What made you decide to go all electronic with 1984's Evacuate Your Seats? Were you influenced by European techno music of that time?

I was compelled to make the project electronic. Evacuate Your Seats was happening for me, at the perfect time and represented the best opportunity for trying something different. I have never liked the idea of saying "this is my sound and I'm sticking with it". So, Evacuate caught me at a time when massive samplers were first being built and the Synclavier was the weapon of choice for any serious experimental keyboardist. Just check out some of the Zappa stuff.

These instruments were big, bulky and very expensive at that time. Case in point, a $10,000 sampler would only hold one 10 second sample so I had to use 15 of those devices for the Evacuate album. My Synclavier was another expensive monster and also used on the project.

To me, Evacuate did not sound like a European techno record.
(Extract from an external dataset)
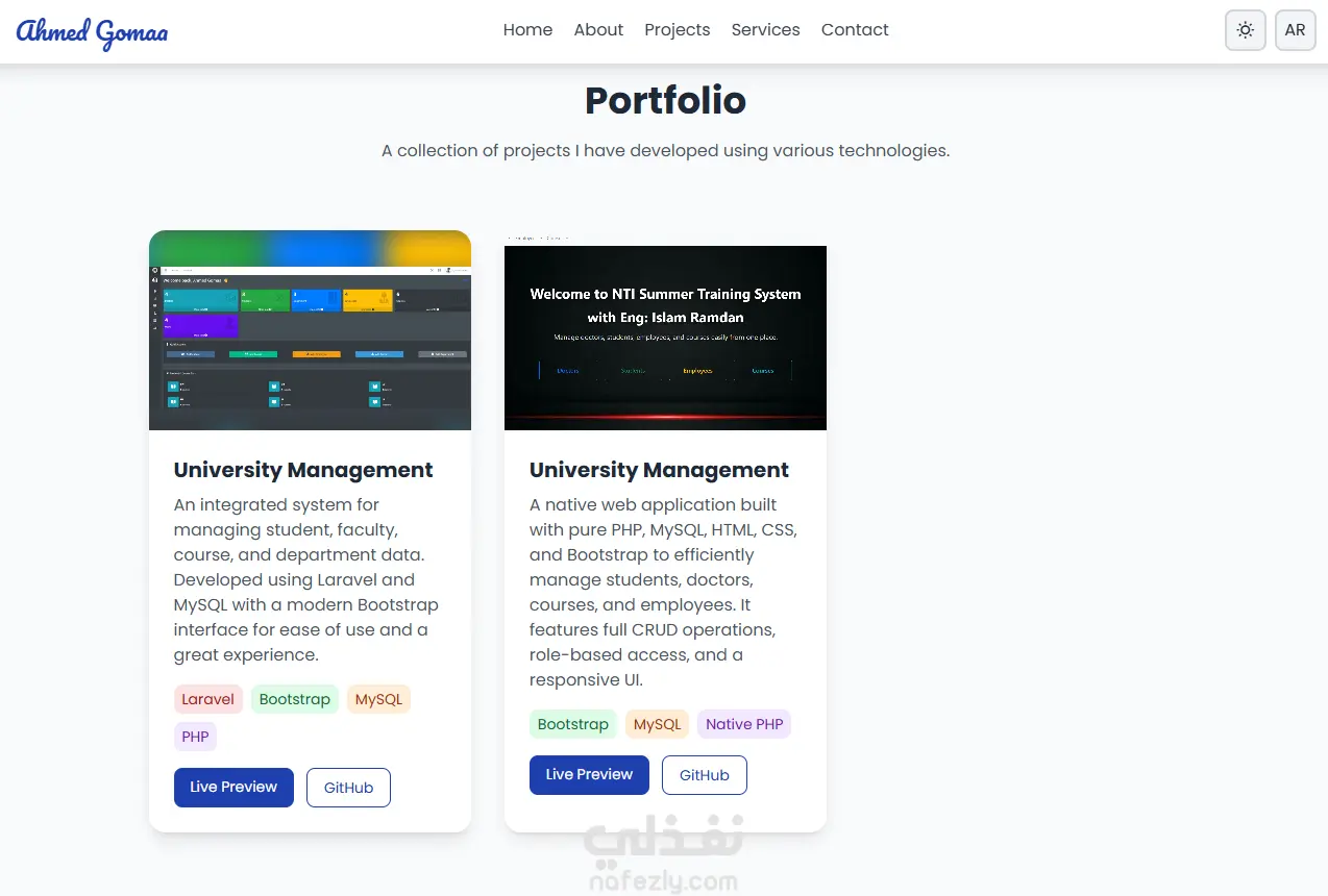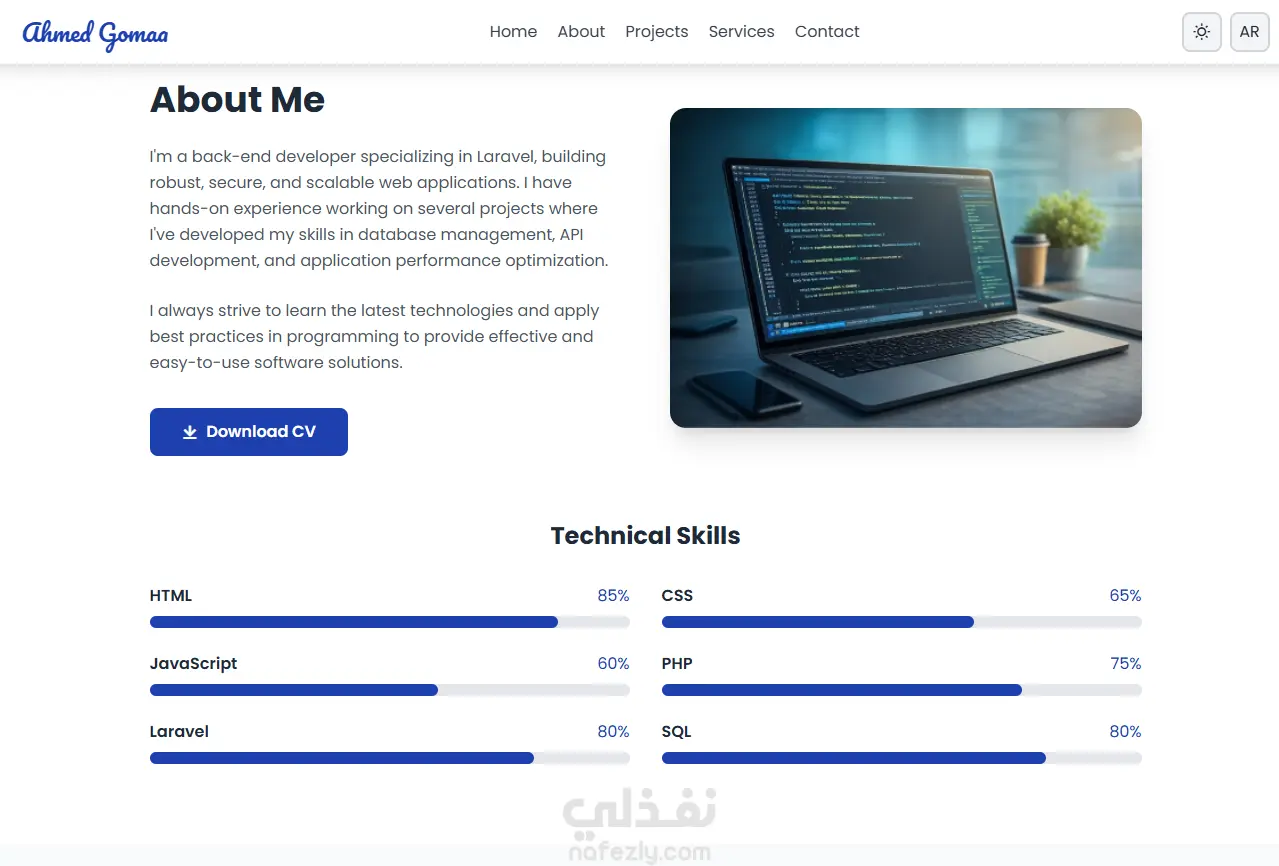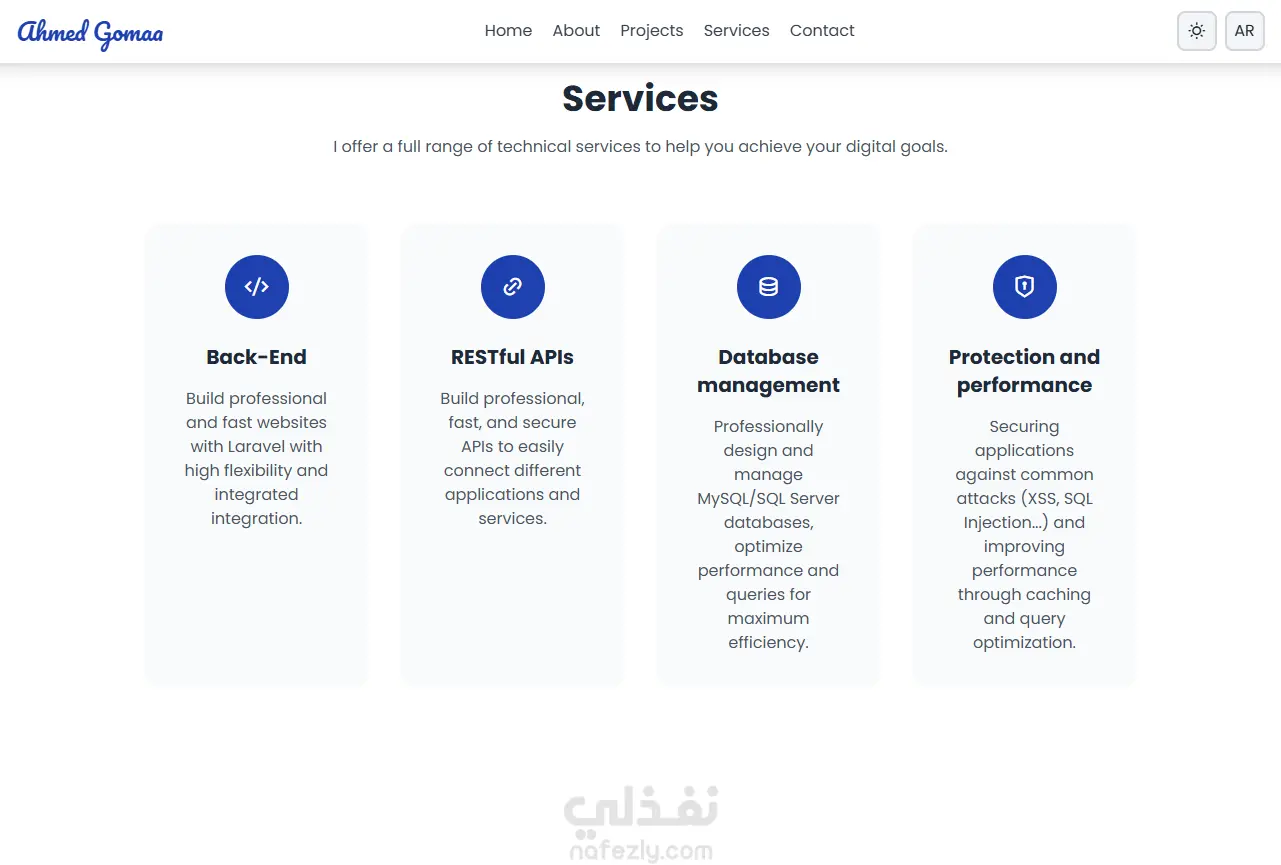- قسم للخدمات يعرض مجالات العمل التي يقدمها المطوّر مثل تطوير RESTful APIs، تطوير واجهات باستخدام Laravel، إدارة قواعد البيانات، وتصميم الواجهات.
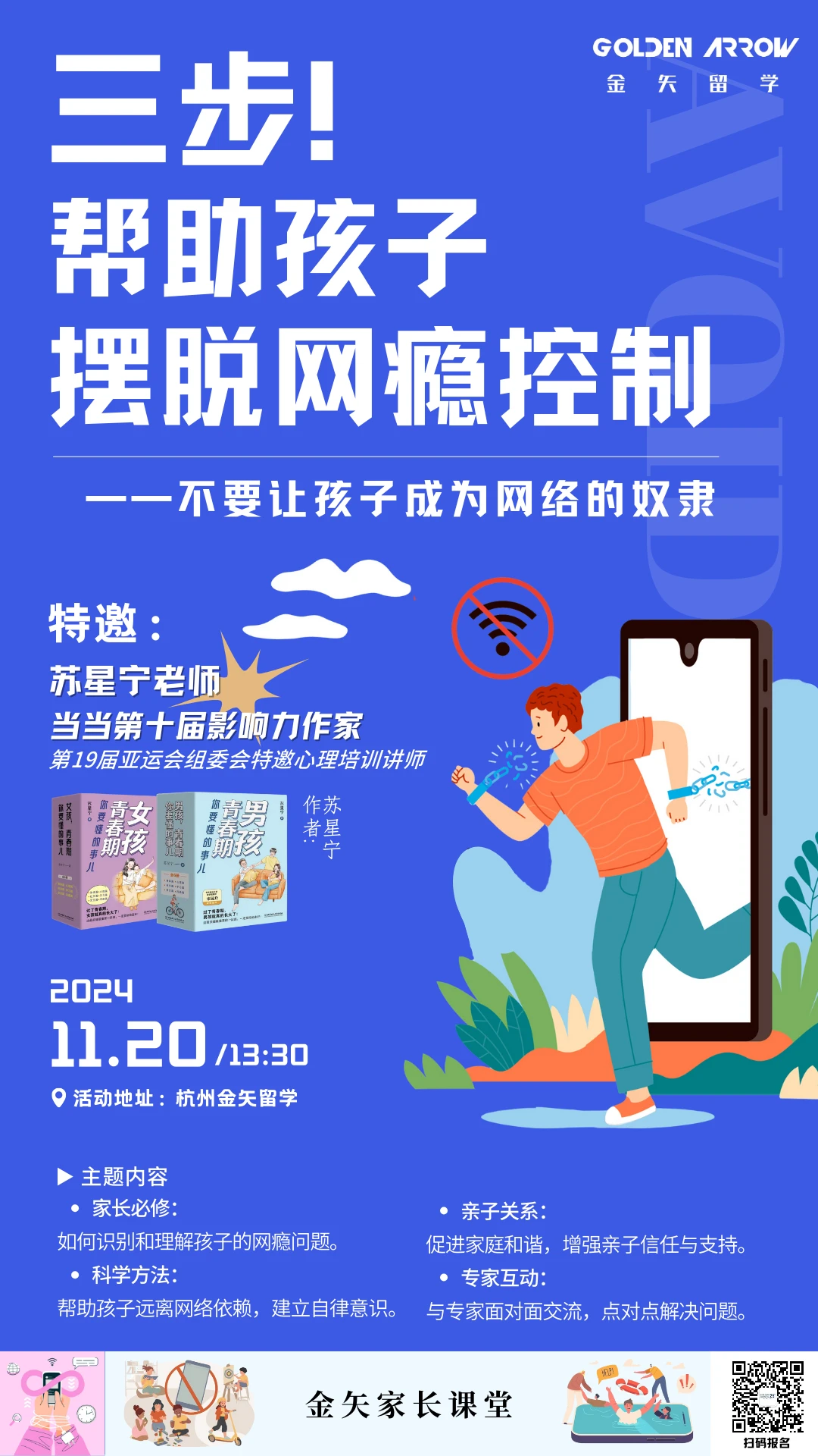 本月【金矢家长课堂】特邀明星作家苏星宁老师,将围绕网瘾的三大应对策略展开,旨在帮助家长深入了解网瘾问题的本质和应对方法,提升亲子沟通和引导能力,从而共同走向健康未来。

Maybe some might disagree, although I did like what the Europeans were doing with their music during that time. Evacuate occurred as a product of my own "new direction" into algorithmic sound and (simulated) computer sequencing. I say simulated because at the time of the recording, none of the gear would sync up together so most of the tracks had to be played and chopped up by hand.

Do you feel like you influenced today's electronic musicians?

I would like to think that there are some musicians who were and are still influenced by my electronics and synth work, aside from the rappers who used samples of my work.

For instance, since Evacuate was recorded in Detroit and was being played there quite a bit by DJs like The Electrifying Mojo, I did begin to see lots of youngsters catching on to the sound, some went on to become influential "musicians" in their own right and a style called Detroit Techno evolved soon afterwards. Perhaps there was some influence there, from Evacuate tracks like "Techno Freqs" and "Stick It In" but I can't say for sure.

What made you decide to start your own social networking site at iamnation.com?

By night-light, I have no choice but to become a super-mad funkateer with a half cape and a half-fro, so I guess you could say that IamNation is one of my respectable "digitized daytime job-style hobbies". IamNation is one of those internet projects that I've always wanted to create... especially since I caught wind of Livejournal a couple of years ago.

At the moment, membership at IamNation is by invitation only and just a few friends and I are using it for posting and messaging back and forth. One of the most famous of those friends is the fantastic P-Funk artist, Overton Loyd. Overton is also a contributer to the design of IamNation.

IamNation has recently turned 2 and I have now completed the forth upgrade to the system, so our members are just beginning to migrate over to the new site. I am also considering opening up a membership tier to the public, in the near future.